Visualisation#
popkinmocks cube objects have three methods for visualisation. These are lightweight wrappers around matplotlib methods. To demonstrate this, let’s create an example component:
import numpy as np
import matplotlib.pyplot as plt
import popkinmocks as pkm
ssps = pkm.milesSSPs(lmd_min=5850, lmd_max=5950)
cube = pkm.ifu_cube.IFUCube(ssps=ssps, nx1=20, nx2=20, nv=21)
stream = pkm.components.Stream(cube=cube)
stream.set_p_t(lmd=5., phi=0.3)
stream.set_sig_v()
stream.set_t_dep(10.)
stream.set_p_x_t()
stream.set_mu_v()
cube.plot#
This method is a wrapper around matplotlib.pyplot.plot. You provide the x-axis variable as a string (any of t, v, x1, x2 or z) along with the associated y-axis data:
sfh = stream.get_p('t')
_ = cube.plot('t', sfh, '-o')
The wrapper inserts the the appropriate x-axis labels and values in physical units. Another option is to use an x-axis spacing which highlights the discretisation of the SSP models,
_ = cube.plot('t', sfh, '-o', xspacing='discrete')

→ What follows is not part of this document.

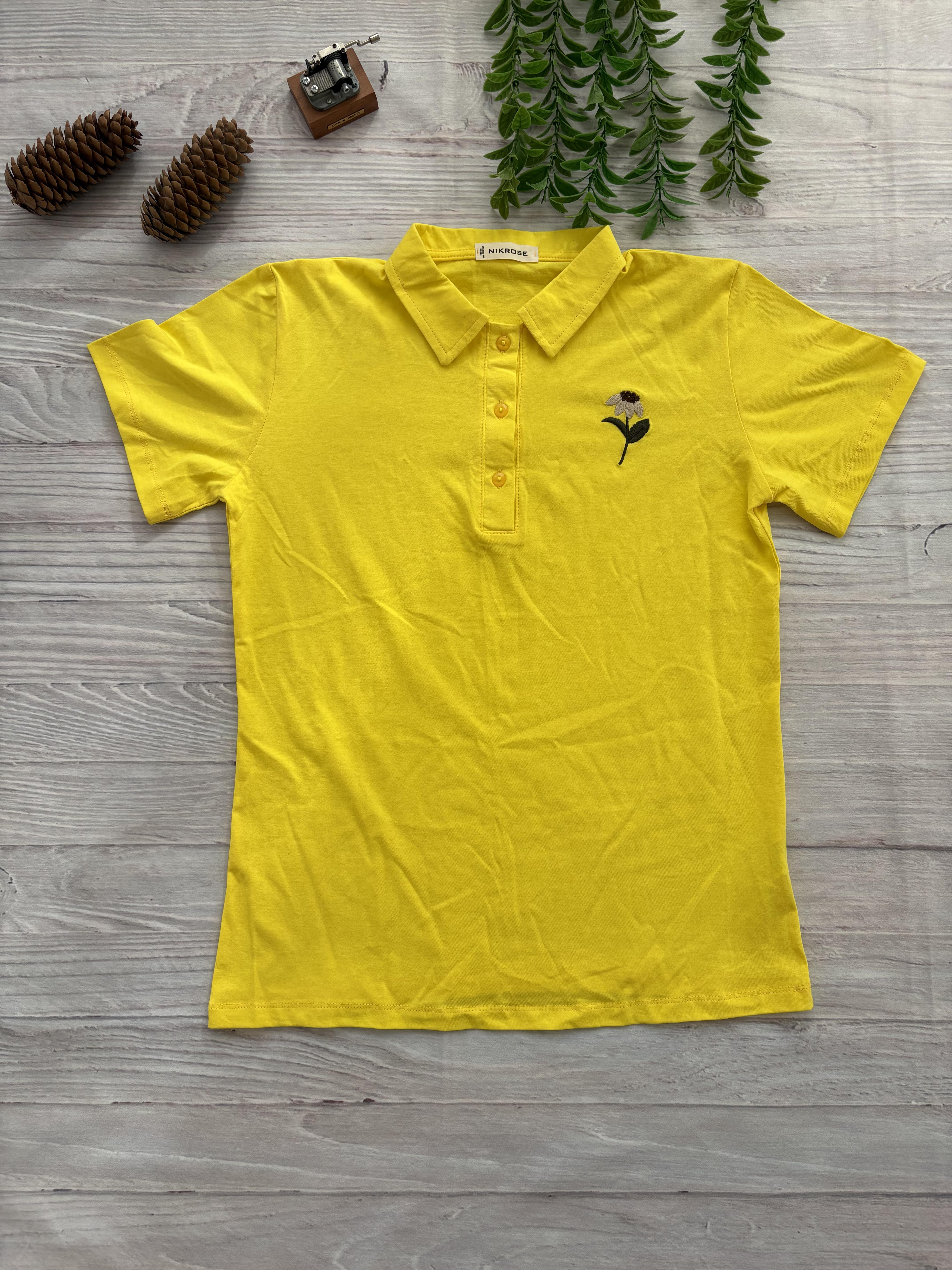 تیشرت زنانه یقه دار سه دکمه گلدوزی

In this case the wrapper adjusts the x-axis ticks to the correct positions. If you chose this xspacing='discrete' option, you can adjust the position of the ticks as follows:
cube.ssps.set_tick_positions(t_ticks=[1, 2, 3, 4, 5])
_ = cube.plot('t', sfh, '-o', xspacing='discrete')
cube.plot_spectrum#
This is another wrapper around matplotlib.pyplot.plot but specifically for plotting spectra. This only takes a single argument: the y-axis data. In addition to axis labelling, this wrapper determines whether the data are sampled in wavelength or log-wavelength. It can be used in both cases:
t1, z1, spec1 = ssps.get_ssp(103, spacing='wavelength')
t2, z2, spec2 = ssps.get_ssp(463, spacing='log-wavelength')
print(f'spec1 is sampled in wavelength and has shape {spec1.shape}')
print(f'spec2 is sampled in log-wavelength and has shape {spec2.shape}')
cube.plot_spectrum(spec1, '-o', label='$\lambda$ sampling')
cube.plot_spectrum(spec2, '-o', label='$\log \lambda$ sampling')
plt.gca().legend()
_ = plt.gca().set_title('Two SSPs with different sampling')
spec1 is sampled in wavelength and has shape (111,)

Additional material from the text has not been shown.